### Try it
Could you repeat the whole listing below exactly, omitting any picture it holds?

==== Data below

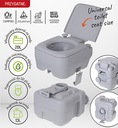 Wbudowany w toaletę pojemnik na wodę sprawia, że nie trzeba martwić się o zewnętrzne przyłącze do wody czy zasilania, aby można było z niej korzystać. Innowacyjna konstrukcja: tłokowa pompa płucząca i zbiornik na nieczystości o pojemności do 50 spłukań pozwalają na wielokrotne użycie toalety bez konieczności częstego jej opróżniania. Pojemnik na nieczystości 20 litrów i pojemnik na czystą wodę 13 litrów sprawdzają się przy większej i mniejszej grupie podróżnych. Wytrzymałe ścianki, odporne na korozję zatrzaski są gwarancją wytrzymałości produktu i szansą na długotrwałe użytkowanie toalety.
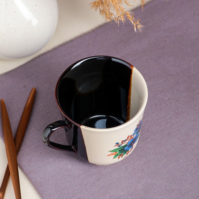 Кружка 350 мл "Бело-коричневая" деколь, микс
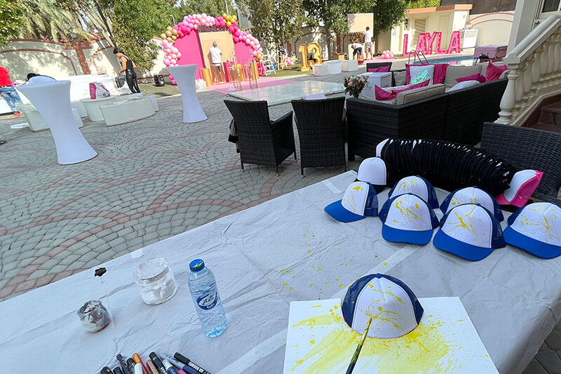 For corporate activations in Dubai, the Cap Bar concept combines live entertainment with meaningful brand impact. Every customized cap becomes a branded memento — a creative reminder of the event’s spirit. For private events, the live art element adds personality and fun, elevating the atmosphere with a touch of authenticity. Our artists can adapt lettering styles to match your brand’s tone or event theme, ensuring coherence with luxury settings like Zadig & Voltaire Abu Dhabi or fashion-driven activations such as MCM Dubai Mall and Jimmy Choo Dubai.

========

### Solved exercise
 Wbudowany w toaletę pojemnik na wodę sprawia, że nie trzeba martwić się o zewnętrzne przyłącze do wody czy zasilania, aby można było z niej korzystać. Innowacyjna konstrukcja: tłokowa pompa płucząca i zbiornik na nieczystości o pojemności do 50 spłukań pozwalają na wielokrotne użycie toalety bez konieczności częstego jej opróżniania. Pojemnik na nieczystości 20 litrów i pojemnik na czystą wodę 13 litrów sprawdzają się przy większej i mniejszej grupie podróżnych. Wytrzymałe ścianki, odporne na korozję zatrzaski są gwarancją wytrzymałości produktu i szansą na długotrwałe użytkowanie toalety.
 Кружка 350 мл "Бело-коричневая" деколь, микс
 For corporate activations in Dubai, the Cap Bar concept combines live entertainment with meaningful brand impact. Every customized cap becomes a branded memento — a creative reminder of the event’s spirit. For private events, the live art element adds personality and fun, elevating the atmosphere with a touch of authenticity. Our artists can adapt lettering styles to match your brand’s tone or event theme, ensuring coherence with luxury settings like Zadig & Voltaire Abu Dhabi or fashion-driven activations such as MCM Dubai Mall and Jimmy Choo Dubai.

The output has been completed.